可以将文章内容翻译成中文,广告屏蔽插件可能会导致该功能失效(如失效,请关闭广告屏蔽插件后再试):
问题:
I'm pretty new to databases, so forgive me if this is a silly question.
In modern databases, if I use an index to access a row, I believe this will be O(1) complexity. But if I do a query to select another column, will it be O(1) or O(n)? Does the database have to iterate through all the rows, or does it build a sorted list for each column?
回答1:
Actually, I think access based on an index will be O(log(n)), because you'll still be searching down through a B-Tree-esque organization to get to your record.
回答2:
To answer your literal question, yes if there is no index on a column, the database engine will have to look at all rows.
In the more interesting case of selecting by multiple columns, both with and without index, the situation becomes more complex: If the Query Optimizer chooses to use the index, then it'll first select rows based on the index and then apply a filter with the remaining constraints. Thus reducing the second filtering operation from O(number of rows) to O(number of selected rows by index). The ratio between these two number is called selectivity and an important statistic when choosing which index to use.
回答3:
Indexes are per column, so if you use a where clause on a un-indexed column it will do a so called tablescan which is O(n).
回答4:
I don't know the answer, but keep in mind that big-O notation only gives you an indication of performance for data-set sizes which are arbitrarily large.
For example, the bottleneck for database performance is typically disk seeks. Therefore, performance is greatly increased if the working data-set can be kept in memory. Big-O notation won't tell you anything about such optimizations, because they are only relevant for finite data-sets.
回答5:
B-trees do not yield O(logN), that is the complexity of a binary tree.

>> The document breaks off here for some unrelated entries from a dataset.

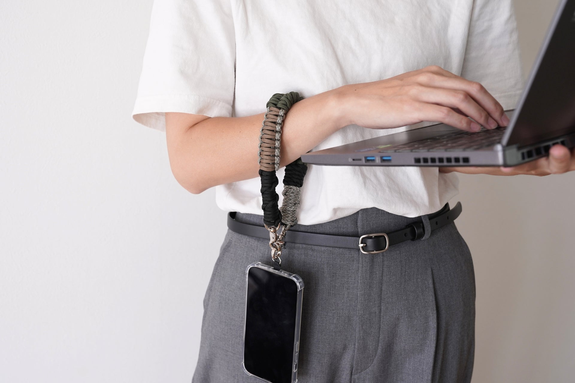 パラクリップは、ただのストラップではなく“日常に寄り添うアクセサリー”として開発しました。私たち自身、スマホや鍵をバッグの中で探すちょっとしたストレスを感じてきましたが、その不便を解消しながら、装いにさりげなく彩りを添えられるようデザインしています。立体的な編み込みや素材感にこだわり、ひとつひとつに手しごとの温もりが宿っています。だから実用的なのに、アクセサリーのように自然とスタイルに馴染むんです。現在発売中の『そのまま使えるPCケース』との組み合わせでもお楽しみいただけるので、毎日の相棒としてぜひ手に取っていただければと思います。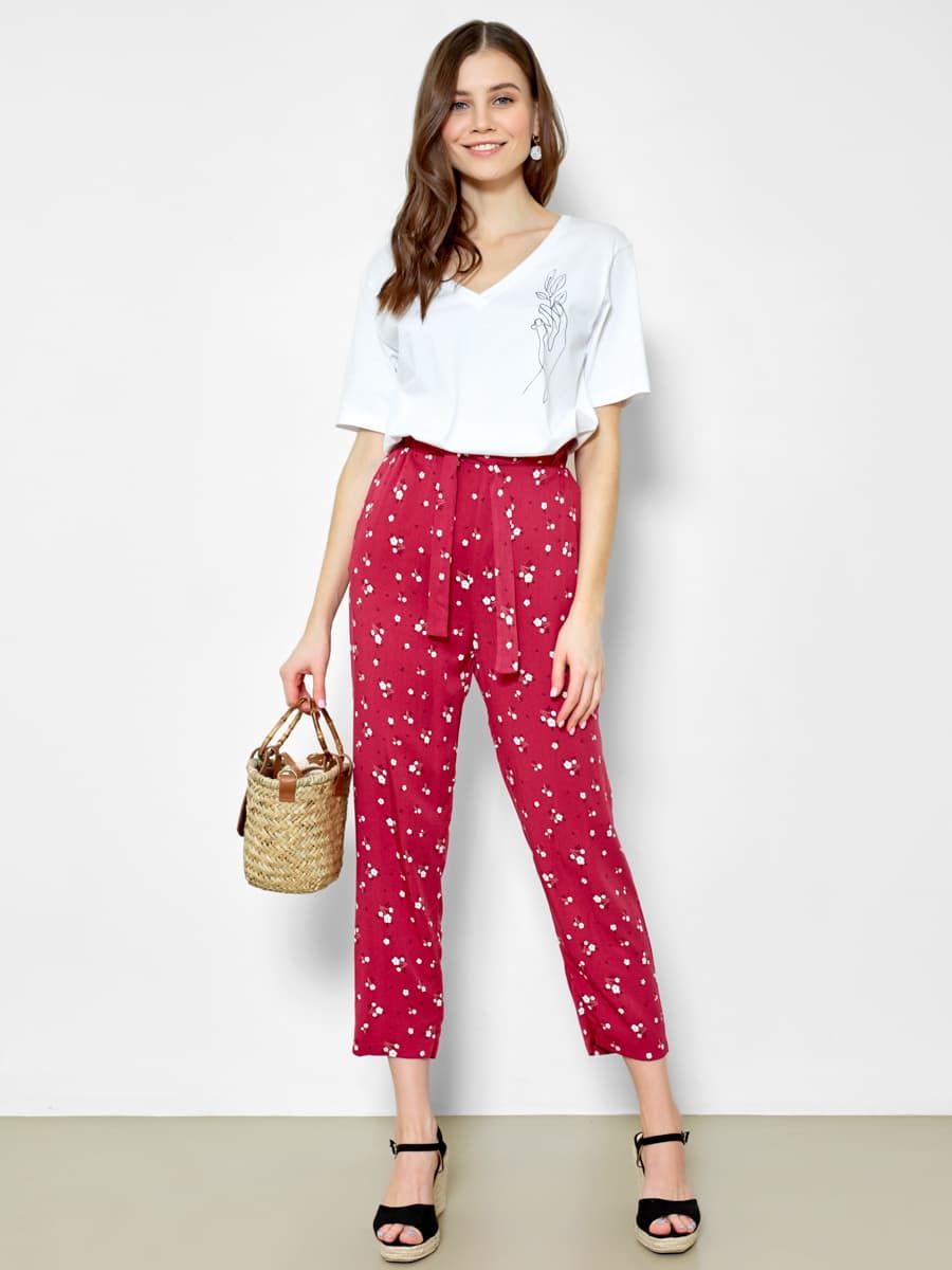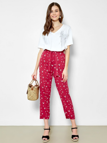 БРЮКИ ЖЕНСКИЕ 182297 182297 цветочки на бордовом 1050 Mark Formelle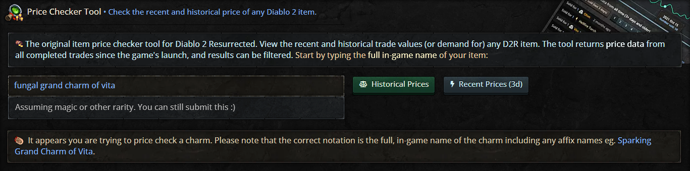 Ah, thank you so much, I was hitting "Enter" not realizing you can just click the buttons too. Many thanks for your advice!cristobal03 wrote: 3 years agoYou can type the actual name of any item in the price checker tool at the top of the board to get a price history:

A B-Tree is organised such that it has an entire block per node, thus once a node is found a single I/O operation can read an entire block.
With the number of items per node = blocking factor (#records/block){bfr}, a B-Tree optimized search will yield O(log bfr÷2 +1 N) I/O operations instead of O(N) I/O operations seeking a record by key.
回答6:
You have indexes. Clustered indexes are physically sorted on the disk, you can have only one per table. Unclustered indexes are logically sorted and you can have many of those (careful not to abuse it either, it might slow down write actions).
If there is no index on your column then I believe it's the good old row by row method.
回答7:
There are different types of indexes, different execution plans and different implementations for different databases. Most of the code of relations database is in search-optimising algorithms. There is not a single answer to your question. You can use a tool to visualise the execution plan when you want to know how a query is going to be executed.